«Продай имение твое и раздай нищим».
Нет, в действительности это невозможно — какой безнадежно унылой, убогой представлялась ей такая жизнь!
И другую щеку подставлять невозможно. Однажды Тереза шлепнула Урсулу по лицу. Урсула в припадке христианского смирения подставила другую щеку. В ответ на это Тереза, возмущенная подобной наглостью, ударила ее вторично. Урсула ретировалась покорно, но кипя от негодования. Затаенный гнев, смешанный со стыдом, мучил ее и не давал покоя вплоть до новой ссоры с сестрой, во время которой она уж дала себе волю, чуть не оторвав Терезе голову.
— Поделом тебе! — сурово заключила она и ушла, успокоенная и очищенная подобным нехристианским образом.
Было в этом христианском смирении что-то унизительное, нечистое. И Урсула внезапно взбунтовалась, впав в иную крайность.

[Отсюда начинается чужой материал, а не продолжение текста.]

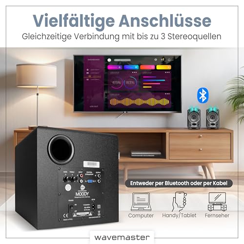 Mit dem folgenden Überblick erhältst Du eine schnelle Einordnung, ob das wavemaster Moody BT 2.1 Lautsprecher System zu Deinen Anforderungen passt.
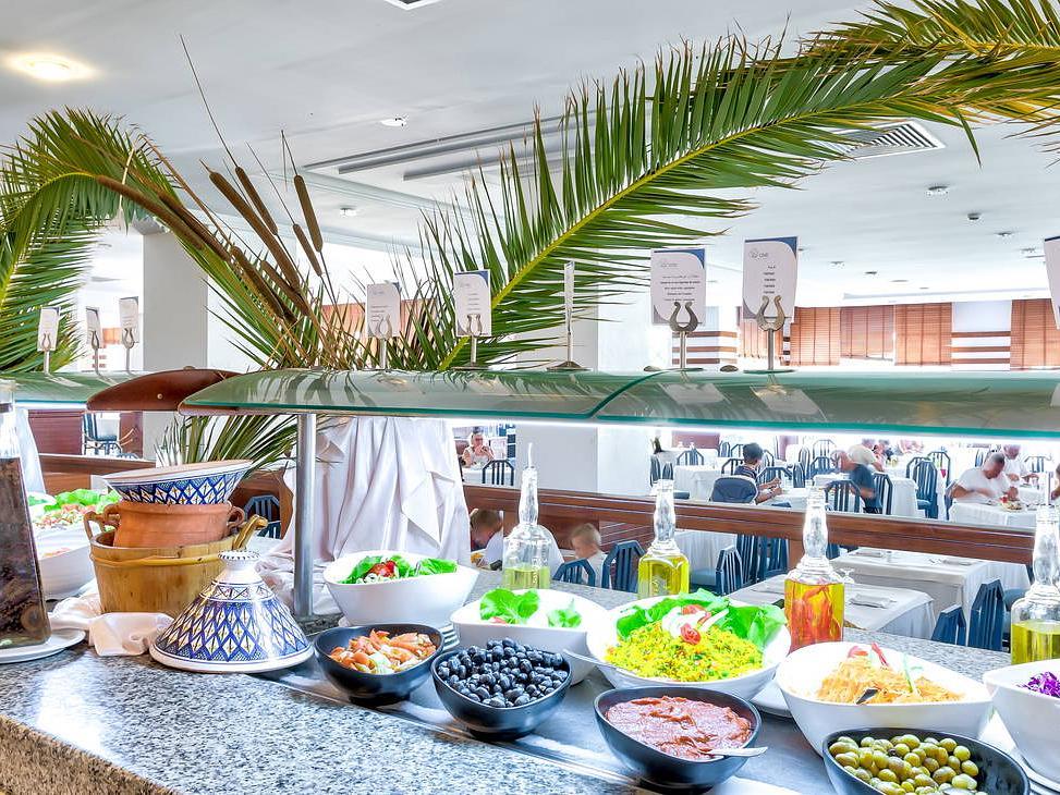All Inclusive: Snídaně, obědy a večeře se podávají formou bufetu v hotelové restauraci. Odpolední občerstvení ve vyhrazených prostorách. Jednou za pobyt bezplatná večeře v restauraci a la carte po předchozí rezervaci - tuniská a středomořská kuchyně. Nealkoholické nápoje a místní alkoholické nápoje v určených barech a časech. |

«Ненавижу Уэри! Хоть бы они сдохли! И почему папа превратил нашу семью в то, что мы есть, сделал нас такими бедными, мелкими! Вот был бы он граф Уильям Брэнгуэн, и я была бы тогда леди Урсула! По какому такому праву я бедная, ничтожная, ползу по жизни, как червяк? По справедливости я должна была бы гарцевать на коне в зеленой амазонке и в сопровождении грума. И останавливаться возле хижин, из которых выходили бы женщины с детьми на руках, а я бы спрашивала у них, как здоровье мужа и как его нога, и, спешившись, гладила бы детишек по их льняным головкам, и давала бы им шиллинг из кошелька, и приказывала бы доставить из усадьбы в хижину еду — что-нибудь посытнее, попитательнее».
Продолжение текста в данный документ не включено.